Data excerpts
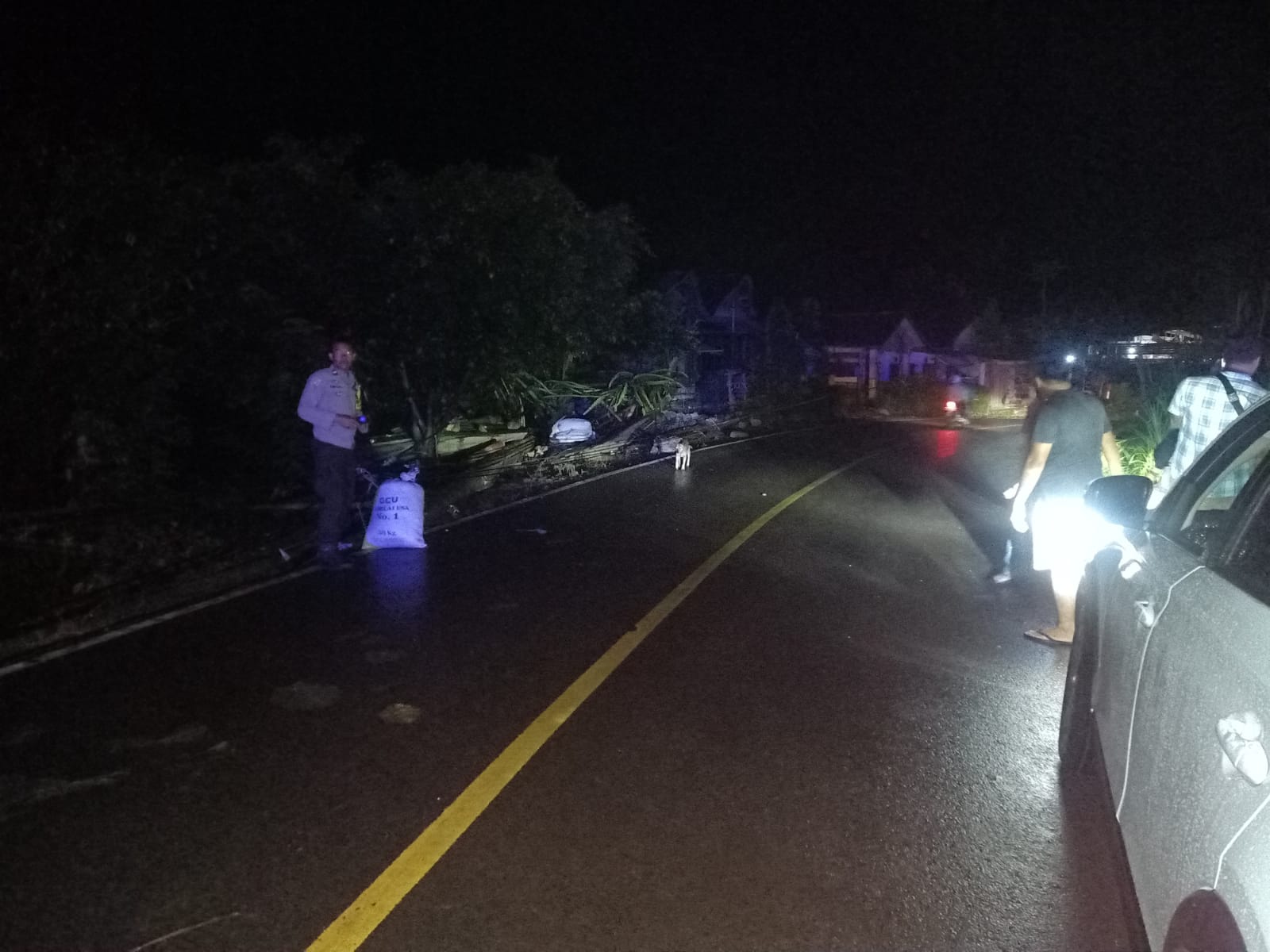 Polrestanatoraja.com – Kamis tanggal 07 Desember 2023 pukul 19.30 Wita, Bhabinkamtibmas Polsek Mengkendek Aipda Ishak Itan bersama Ka.Spk Aiptu Lukas Palamba’ setelah mendapatkan informasi dari masyarakat adanya pohon tumbang jenis Jabon yang menimpa kabel Litrik dan menyebabkan 1 buah tiang listrik dan 3 buah tiang kabel Telkomsel Roboh yang sempat menghalangi pengendara dari arah makassar – Toraja maupun sebaliknya yang bertempat di jalan poros toraja-enrekang Dusun Balulu Lembang Buntu Limbong Kec. Gandangbatu Sillanan Kab.Tator
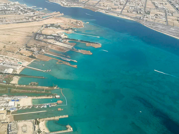 离开沙特的那天万里无云,飞机一路向北,我得以从空中再次观赏这片土地。刚起飞时,道路、房子和车辆星罗棋布在黄色的土地上,随后,除了在塔布克沙漠附近出现过圆形农场外,目之所及便是无边无尽的茫茫沙海。
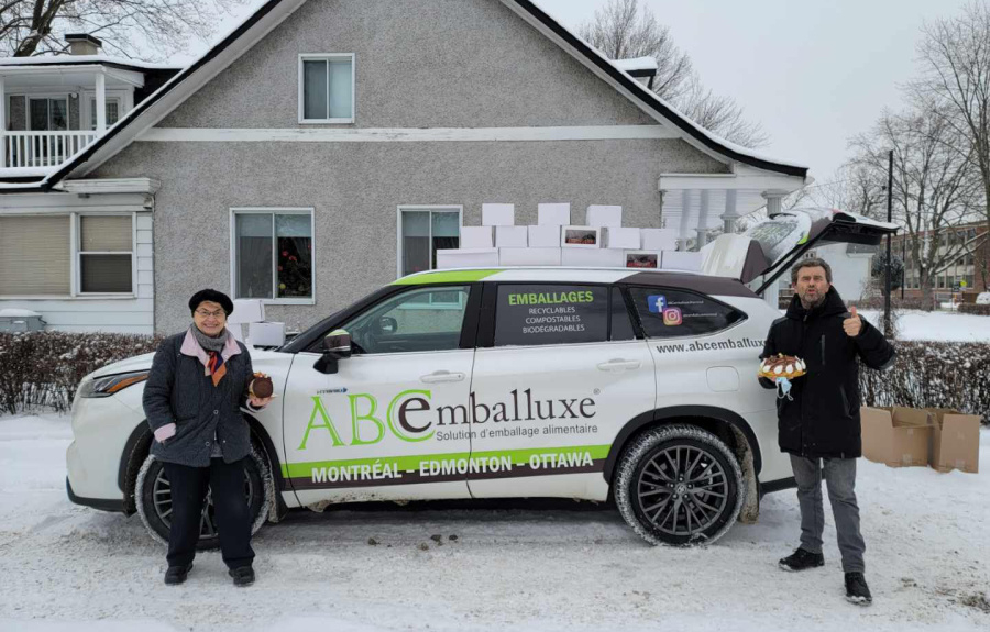 Comme chaque année, Robert Frot et son fils Julien, d’ABC Emballuxe, ont récupéré les bûches de Noël invendues de pâtisseries participantes, afin de remettre ces dernières à la Fondation Sœur Angèle.
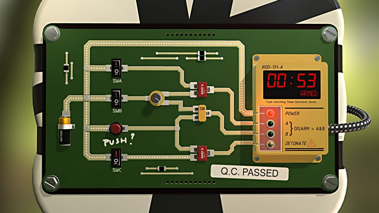 Bomb Squad Academy v 1.5 Новая версия Полная версия Последняя Дата выхода 27 мар. 2017 Разработчик Systemic Games Жанр Симуляторы, Инди, Стратегии Очень положительные на основе 404 обзоров в Steam 86% Обновлено 26 января 2025, 00:06 Список изменений Bomb Squad Academy - это крайний экзамен перед окончанием учебного курса для минеров. Мастер установил 3 тренировочные бомбы для игрока и его команды, чтобы обезвредить их. В действительности оказывается, что сделать их безопасными просто невозможно. Мины рано или поздно взорвутся, но чтобы достичь победы все же нужно перерезать медные провода, не провоцируя взрыва. Чтобы достичь победы, придется взять в руки кусачки и трястись над каждым кабелем, ведь ночка обещает быть взрывоопасной. В Bomb Squad Academy есть 4 карточные колоды, каждая карта которой представляет 4 кабеля детонатора, и трек-трекер. В каждом раунде участники тайно решают (а затем единовременно раскрывают) проволоку, которую будут резать в указанном уровне. При желании можно отказаться это сделать, кликнув кнопку Подождите и предотвращая, тем самым, разрезание проволоки. После того как действия раскрыты, указанные провода перерезаются путем переворачивания карт из этих колод. Когда карта переворачивается, ее значение показывает, насколько далеко спусковой крючок переместится вниз по треку триггера и сколько очков заработано. Одна только резка кабеля стоит намного дороже, чем резка той же проволоки, что и для других участников. Стоит нажать на курки слишком далеко, как раздастся взрыв. Тот, кто вызывает сработку, теряет очки. В игре можно нарушать правила, с помощью специальных инструментов, чтобы быстрее достичь победы. Скачать торрент Скриншоты Показать больше Видео из игры Скачать Bomb Squad Academy Тип релиза Лицензия (Таблетка: Не требуется) Версия v 1.5 (Полная) Последняя Размер 78 МБ Интерфейс Английский Озвучка Английская Установка: Скачать .torrent торрент файл Скачать БЕЗ торрента прямая ссылка через uTorria Системные требования ОС: 7, 8, 10 Процессор: 2.0 GHz Оперативная память: 2 ГБ Видеокарта: 512 МБ Место на диске: 500 МБ Казуальная, Головоломка, Логика
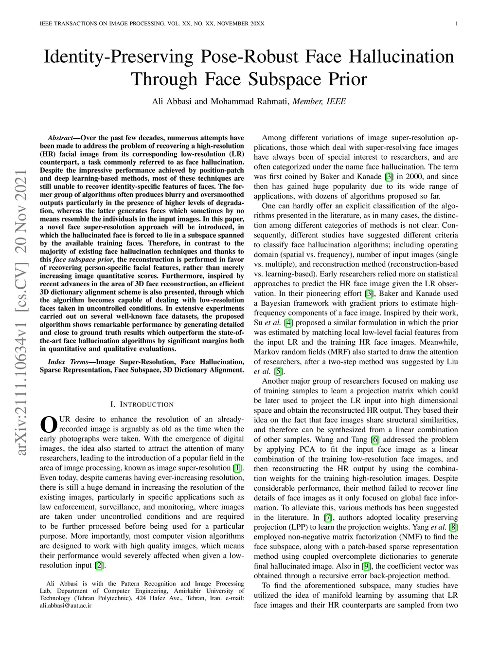 Identity-Preserving Pose-Robust Face Hallucination Through Face Subspace
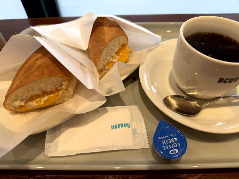 昼は、ドトールでツナチェダーチーズサンド、ブレンド(M)でした。

## Task directions:
All lines from the start of the entries above through the line containing "离开沙特的那天万里无云,飞机" are to be given again exactly; the pictures are not.

## Response box:
 Polrestanatoraja.com – Kamis tanggal 07 Desember 2023 pukul 19.30 Wita, Bhabinkamtibmas Polsek Mengkendek Aipda Ishak Itan bersama Ka.Spk Aiptu Lukas Palamba’ setelah mendapatkan informasi dari masyarakat adanya pohon tumbang jenis Jabon yang menimpa kabel Litrik dan menyebabkan 1 buah tiang listrik dan 3 buah tiang kabel Telkomsel Roboh yang sempat menghalangi pengendara dari arah makassar – Toraja maupun sebaliknya yang bertempat di jalan poros toraja-enrekang Dusun Balulu Lembang Buntu Limbong Kec. Gandangbatu Sillanan Kab.Tator
 离开沙特的那天万里无云,飞机一路向北,我得以从空中再次观赏这片土地。刚起飞时,道路、房子和车辆星罗棋布在黄色的土地上,随后,除了在塔布克沙漠附近出现过圆形农场外,目之所及便是无边无尽的茫茫沙海。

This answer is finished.